[Dataset excerpts]
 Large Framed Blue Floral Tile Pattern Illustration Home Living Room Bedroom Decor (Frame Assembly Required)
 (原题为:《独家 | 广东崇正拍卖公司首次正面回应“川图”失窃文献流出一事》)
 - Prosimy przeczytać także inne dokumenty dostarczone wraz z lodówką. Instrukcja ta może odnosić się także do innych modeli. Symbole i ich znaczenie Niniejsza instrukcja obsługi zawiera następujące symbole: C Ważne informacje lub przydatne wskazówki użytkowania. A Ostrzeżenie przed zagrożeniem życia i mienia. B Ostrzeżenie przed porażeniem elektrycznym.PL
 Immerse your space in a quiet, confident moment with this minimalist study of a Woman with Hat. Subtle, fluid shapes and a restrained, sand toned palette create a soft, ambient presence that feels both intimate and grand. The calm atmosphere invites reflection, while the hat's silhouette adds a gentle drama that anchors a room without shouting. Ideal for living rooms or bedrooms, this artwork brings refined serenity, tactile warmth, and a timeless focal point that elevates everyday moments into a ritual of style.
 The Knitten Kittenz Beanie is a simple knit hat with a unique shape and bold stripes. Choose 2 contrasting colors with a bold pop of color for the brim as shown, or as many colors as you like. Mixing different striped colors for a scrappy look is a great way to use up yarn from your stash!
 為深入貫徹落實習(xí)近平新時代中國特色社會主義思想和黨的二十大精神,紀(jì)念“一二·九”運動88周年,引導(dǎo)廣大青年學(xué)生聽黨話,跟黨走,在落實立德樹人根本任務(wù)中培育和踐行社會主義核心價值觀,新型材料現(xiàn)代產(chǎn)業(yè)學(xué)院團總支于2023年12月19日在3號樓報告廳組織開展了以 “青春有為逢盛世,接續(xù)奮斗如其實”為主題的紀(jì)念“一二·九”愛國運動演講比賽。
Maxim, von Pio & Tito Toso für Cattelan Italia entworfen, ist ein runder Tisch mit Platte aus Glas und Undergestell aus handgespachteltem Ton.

— WHAT TO PRODUCE —
Please return the lines above exactly, from the first one down to the line with "Immerse your space", and stop after that line.

— EXERCISE OUTPUT —
 Large Framed Blue Floral Tile Pattern Illustration Home Living Room Bedroom Decor (Frame Assembly Required)
 (原题为:《独家 | 广东崇正拍卖公司首次正面回应“川图”失窃文献流出一事》)
 - Prosimy przeczytać także inne dokumenty dostarczone wraz z lodówką. Instrukcja ta może odnosić się także do innych modeli. Symbole i ich znaczenie Niniejsza instrukcja obsługi zawiera następujące symbole: C Ważne informacje lub przydatne wskazówki użytkowania. A Ostrzeżenie przed zagrożeniem życia i mienia. B Ostrzeżenie przed porażeniem elektrycznym.PL
 Immerse your space in a quiet, confident moment with this minimalist study of a Woman with Hat. Subtle, fluid shapes and a restrained, sand toned palette create a soft, ambient presence that feels both intimate and grand. The calm atmosphere invites reflection, while the hat's silhouette adds a gentle drama that anchors a room without shouting. Ideal for living rooms or bedrooms, this artwork brings refined serenity, tactile warmth, and a timeless focal point that elevates everyday moments into a ritual of style.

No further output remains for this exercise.